— TO DO —
The entries below contain pictures, which are to be left out; write out exactly, and only, the lines from the line with "Roast / Desert)" up to and including the line with "This paper introduces".

Records excerpted from a collection
········

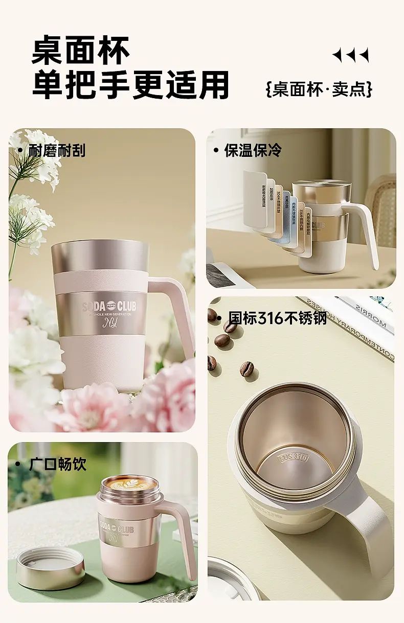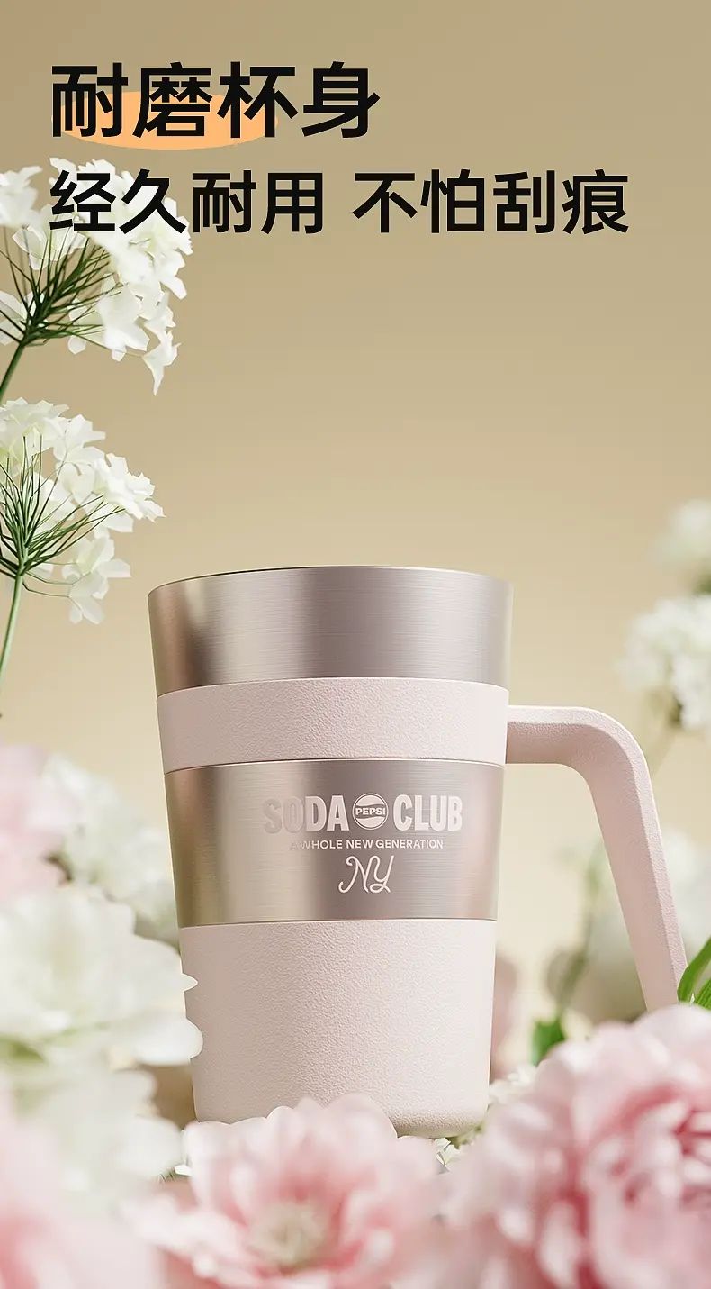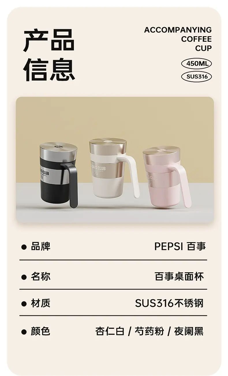 PEPSI百事桌面保温咖啡杯316不锈钢水杯男女生办公室水杯2025新款;茱萸粉1 450ml
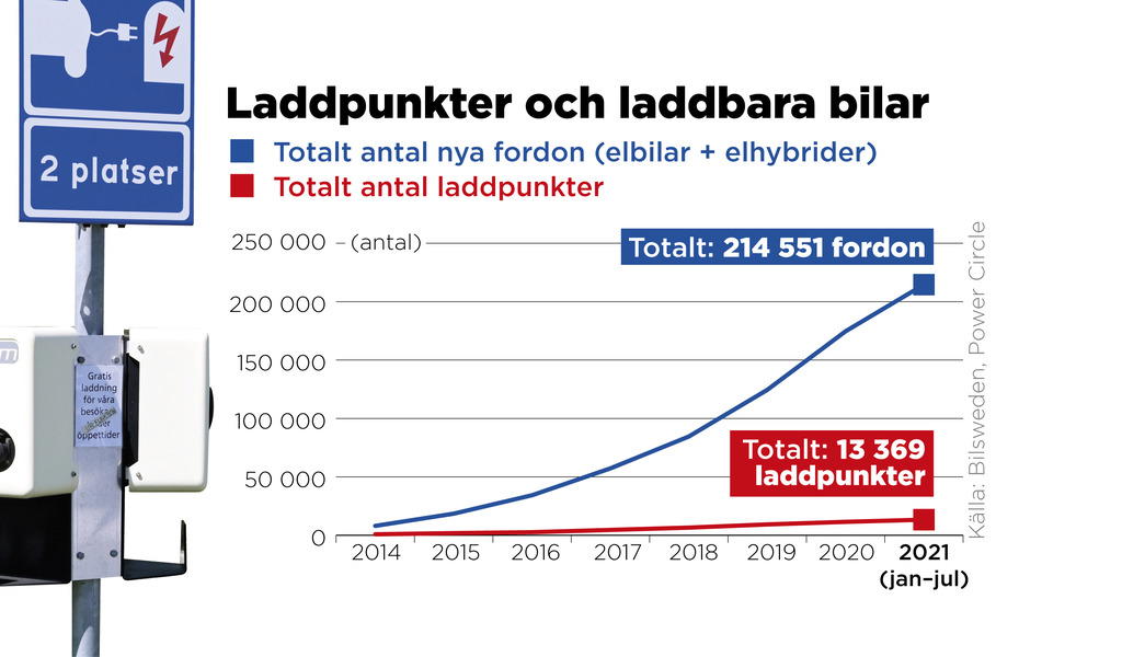 Samtidigt går det långsammare med utbyggnaden av laddstationer. Totalt finns omkring 13 000 publika laddpunkter, eller elbilsuttag, runt om i Sverige. Av dem räknas drygt 1 500 som snabbladdstationer.
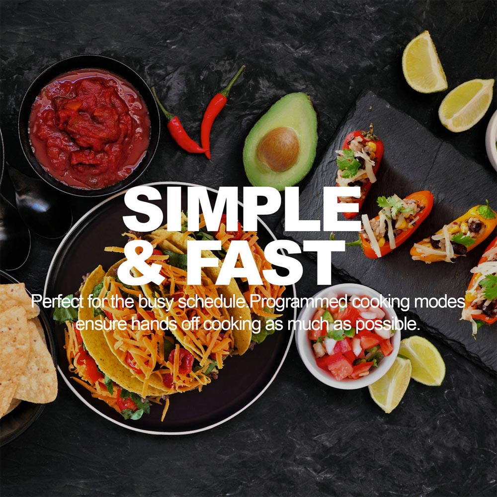 • 8 x Pre-programmed functions (Fries / Cake / Steak or Meat / Chicken / Wings / Shrimp / Roast / Desert)
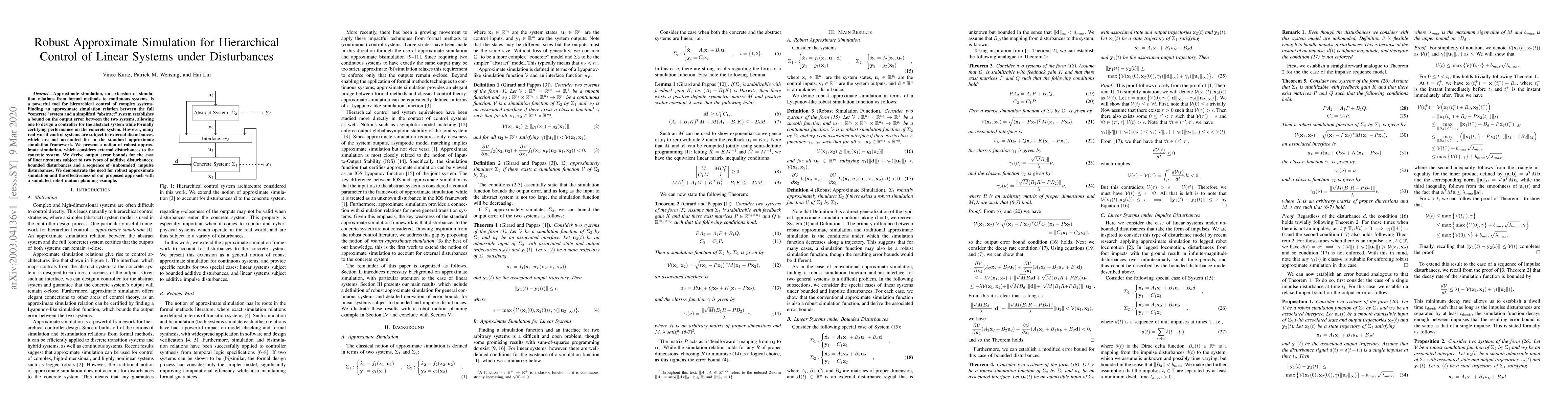This paper introduces a robust approximate simulation framework for hierarchical control of linear systems under disturbances. It establishes output error bounds for systems subject to bounded and impulse disturbances, and demonstrates the effectiveness through a simulated robot motion planning example.
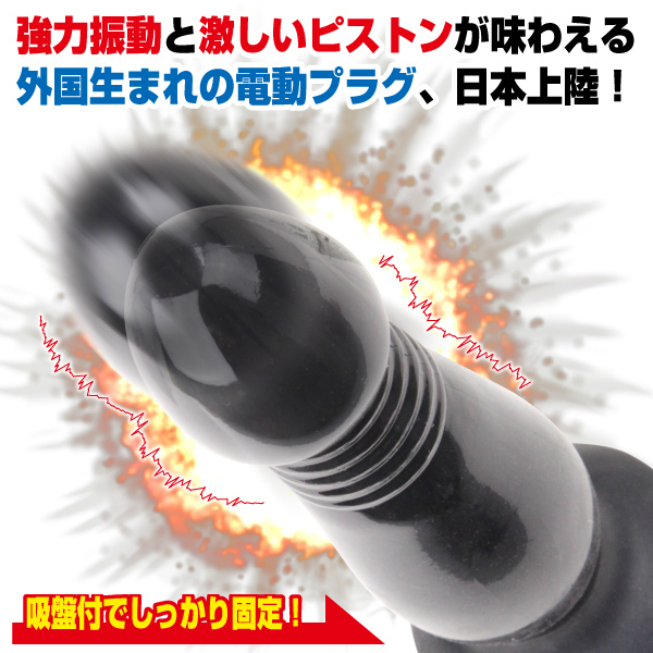 強力吸盤で固定力抜群!ソフトブラック樹脂製、ピストン機能付き電動アナルプラグ。亀頭のようなカリ下をジャバラに設計して、上下の振れ幅が約1cmの激しいピストン運動を実現!有線リモコンにすることで、手元で3段変速+バイブパターン7種類を操作できる、多機能アナルプラグが完成しました。突き上げ&振動、Wの刺激で猛烈エイナス責め!擦れる快感がたまらないアナルグッズです。単三電池4本とローション30ml付属。※製造時期によりパッケージのデザインが異なる場合がございますが中身は同じです。

········

— ANSWER SPACE —
 • 8 x Pre-programmed functions (Fries / Cake / Steak or Meat / Chicken / Wings / Shrimp / Roast / Desert)
This paper introduces a robust approximate simulation framework for hierarchical control of linear systems under disturbances. It establishes output error bounds for systems subject to bounded and impulse disturbances, and demonstrates the effectiveness through a simulated robot motion planning example.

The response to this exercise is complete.